Please write out the lines of the data exactly, beginning with the first and ending with the line containing "जम्मू कॉलोनी में"; leave the pictures behind.

***** LISTED RECORDS *****

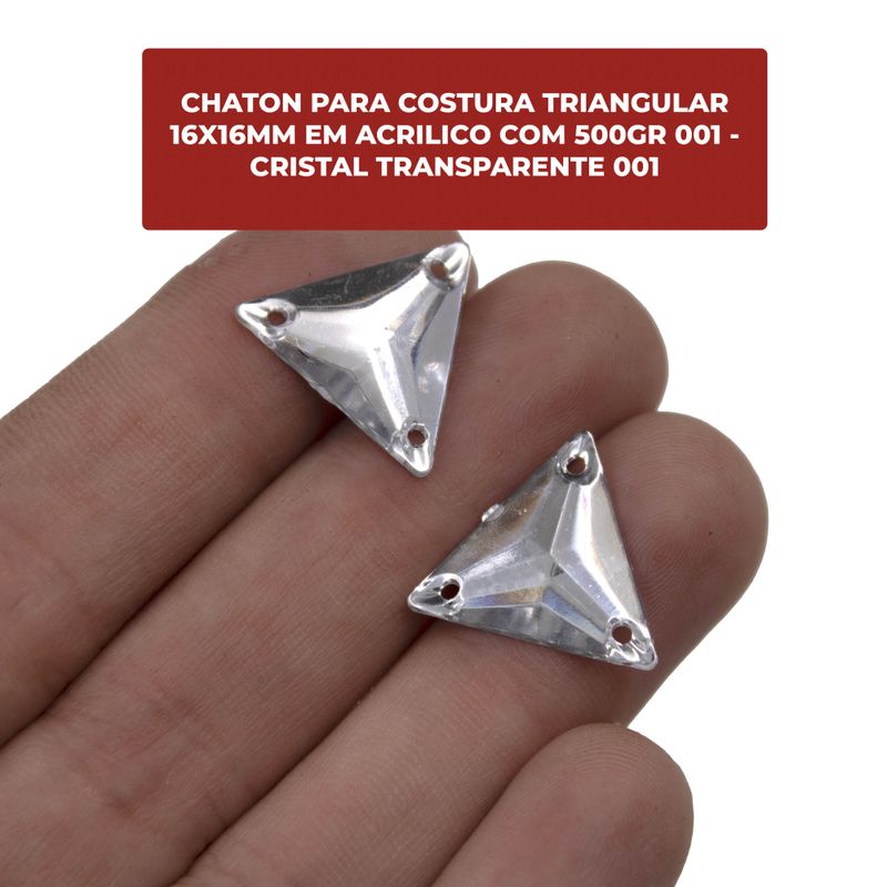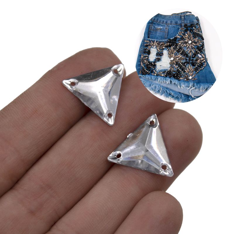 Produzido em acrílico, o chaton triangular é ideal para confecção e customização em roupas, bolsas, chapéus e artesanatos em geral
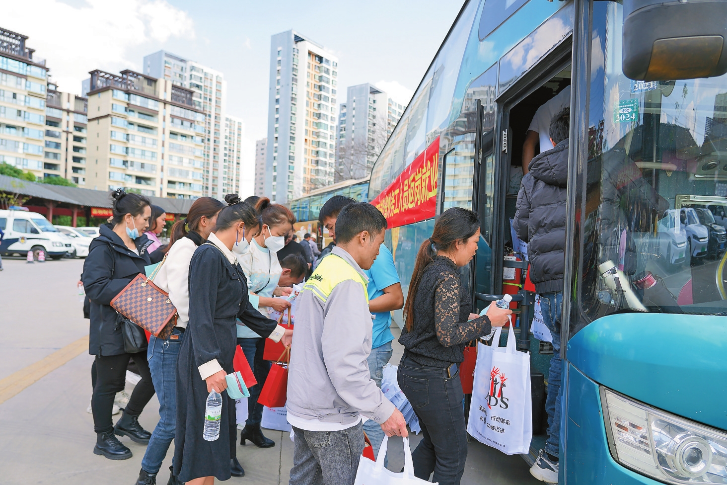 2月17日,2024年红河哈尼族彝族自治州赴外省务工人员返岗就业集中欢送仪式,以及2024年蒙自市农村劳动力转移就业“百日攻坚行动”欢送赴省外务工人员返岗就业活动在蒙自市“建设者之家”举行,200余名外出务工人员搭上“务工包车”有序前往广东、江苏等地就业。
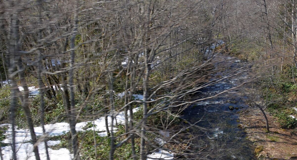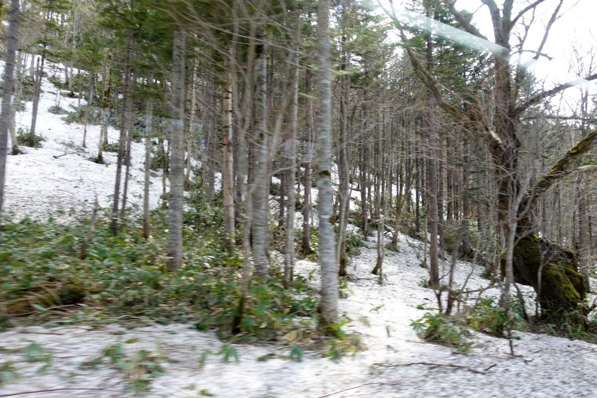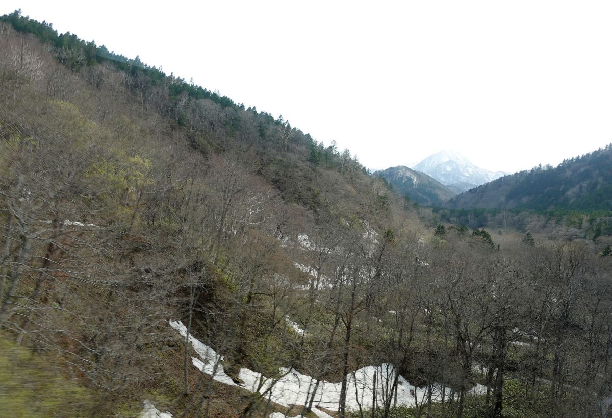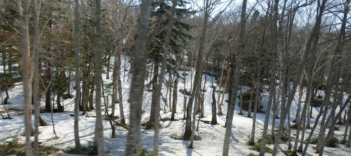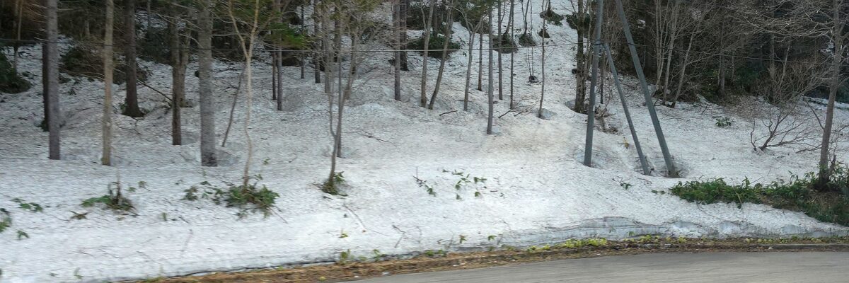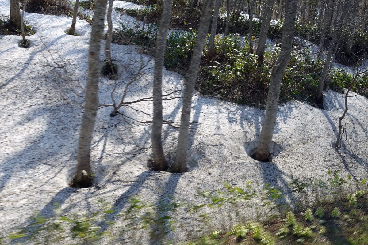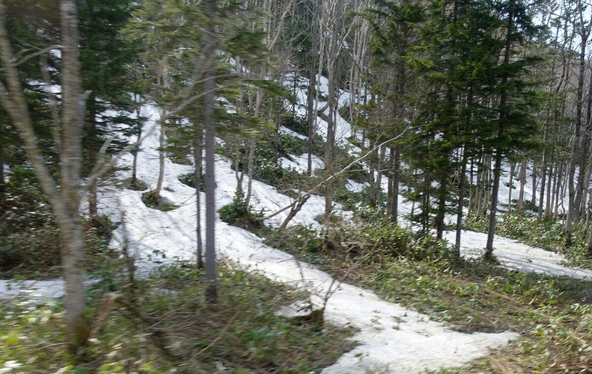 雪の残る根北峠(国道244号線)を越えて斜里町へ
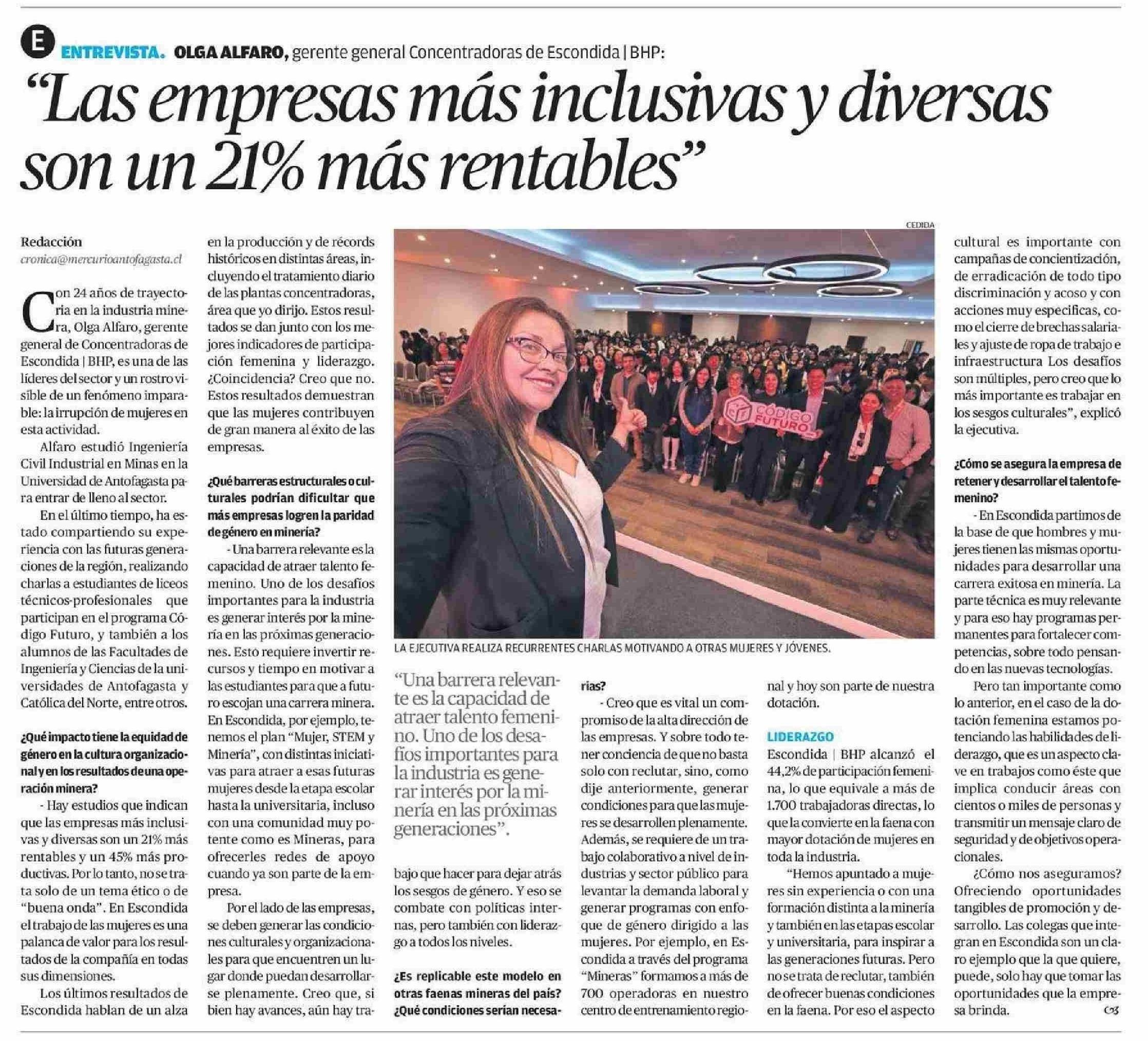 "Las empresas más inclusivas y diversas son un 21% más rentables" 22-06-2025 El Mercurio de Antofagasta |
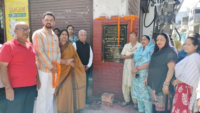 जम्मू कॉलोनी में गलियों व सड़कों के निर्माण कार्य का शिलान्यास करते मेयर, विधायक व अन्य। प्रवक
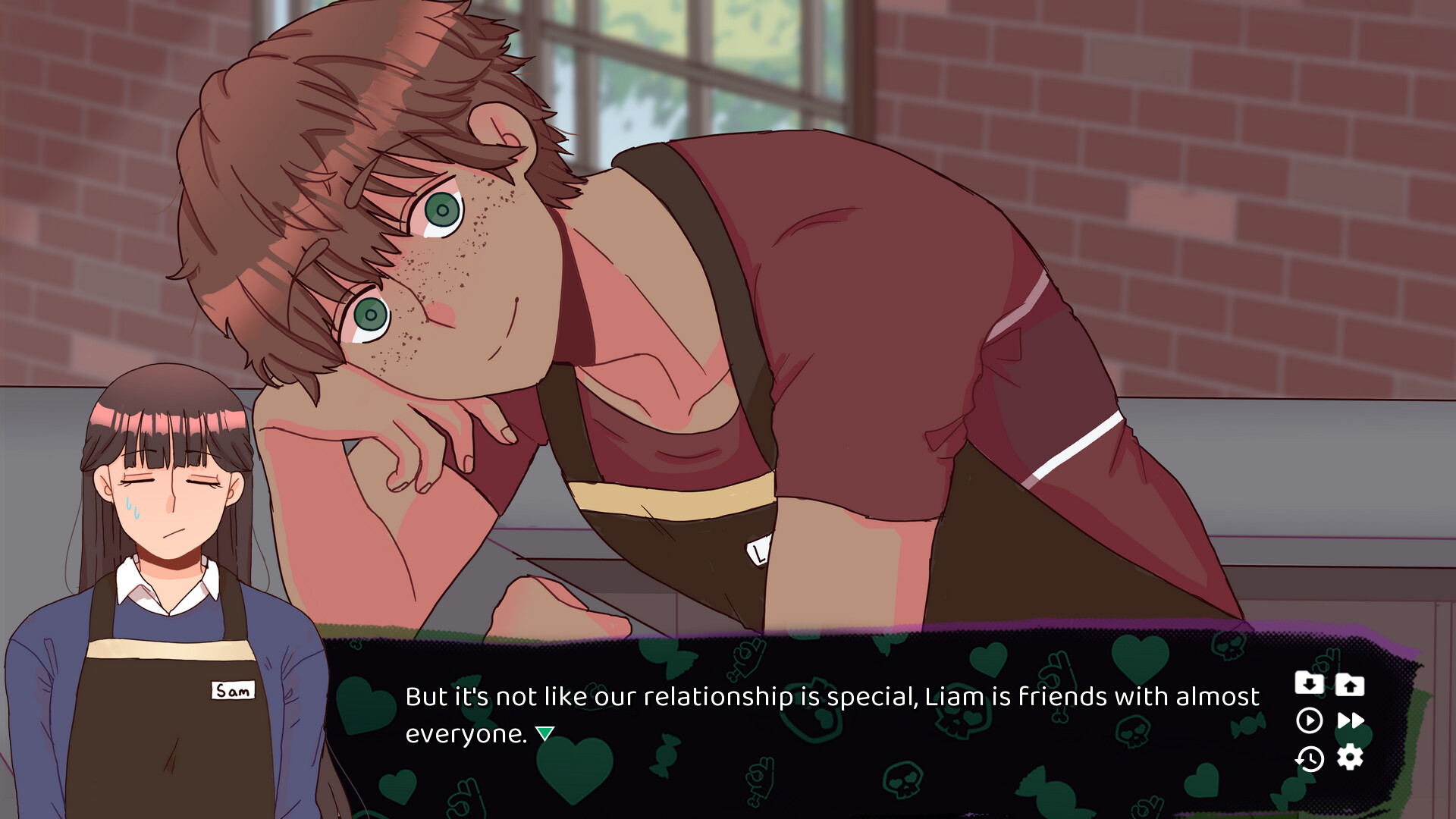 My Sweet Zombie! is about Sam Chen, a recent college graduate who loves to bake. However, she can’t remember the last time she touched an oven, unless you can count the conventional one they use at the cafe she works at. Sam’s job usually involves putting out fires at her store, so whether it's dealing with a annoying customer or fixing the leaky espresso machine, it’s Sam’s job to take care of it. Thus it's no surprise she finds herself exhausted from her job.

*****

• YOUR RESPONSE:
 Produzido em acrílico, o chaton triangular é ideal para confecção e customização em roupas, bolsas, chapéus e artesanatos em geral
 2月17日,2024年红河哈尼族彝族自治州赴外省务工人员返岗就业集中欢送仪式,以及2024年蒙自市农村劳动力转移就业“百日攻坚行动”欢送赴省外务工人员返岗就业活动在蒙自市“建设者之家”举行,200余名外出务工人员搭上“务工包车”有序前往广东、江苏等地就业。
 雪の残る根北峠(国道244号線)を越えて斜里町へ
 "Las empresas más inclusivas y diversas son un 21% más rentables" 22-06-2025 El Mercurio de Antofagasta |
 जम्मू कॉलोनी में गलियों व सड़कों के निर्माण कार्य का शिलान्यास करते मेयर, विधायक व अन्य। प्रवक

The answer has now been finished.